Choosing the right argument type is a design decision. Positional arguments keep required inputs obvious. Defaults reduce boilerplate for callers who share the common case. Keyword style makes long call sites readable. *args and **kwargs keep your functions open to inputs you have not anticipated. Applying each at the right time produces functions that are both flexible and easy to reason about.

check your understanding question 1 of 5

Frequently Asked Questions

A parameter is the variable name listed inside the parentheses when you define a function. An argument is the actual value you pass when you call that function. The parameter is the placeholder; the argument fills it.

Use a default argument when a value is optional and you have a sensible fallback. For example, a greeting function might default to "Hello" so callers who do not care about the greeting style do not need to supply one.

*args lets a function accept any number of positional arguments. Inside the function they are available as a tuple. Use *args when you do not know ahead of time how many values the caller will pass.
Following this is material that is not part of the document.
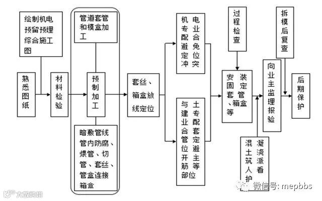 2、施工人员须配合土建按施工图和深化设计图进行管路、铁构件及设备基础、孔洞的预留预埋。在结构施工时,预留预埋要紧跟结构进度,具备条件时及时穿插施工,并做好隐预检报验工作,严禁错留、漏留。

**kwargs lets a function accept any number of keyword arguments as a dictionary. The caller names each extra value, and the function receives a dict mapping those names to their values.

Yes. Positional arguments must come first, followed by keyword arguments. Swapping that order raises a SyntaxError.

A TypeError on a function call almost always means the number or names of arguments do not match what the function definition expects. Check that you are passing the right number of values and that keyword argument names are spelled correctly.

Use *args when you want the caller to supply multiple separate values without wrapping them in a list first. Use a list parameter when the data is already a list or when you want to make it obvious the caller should package values together.

The correct order is: positional arguments, then default arguments, then *args, then keyword-only arguments, then **kwargs. Placing a default argument before a positional one raises a SyntaxError.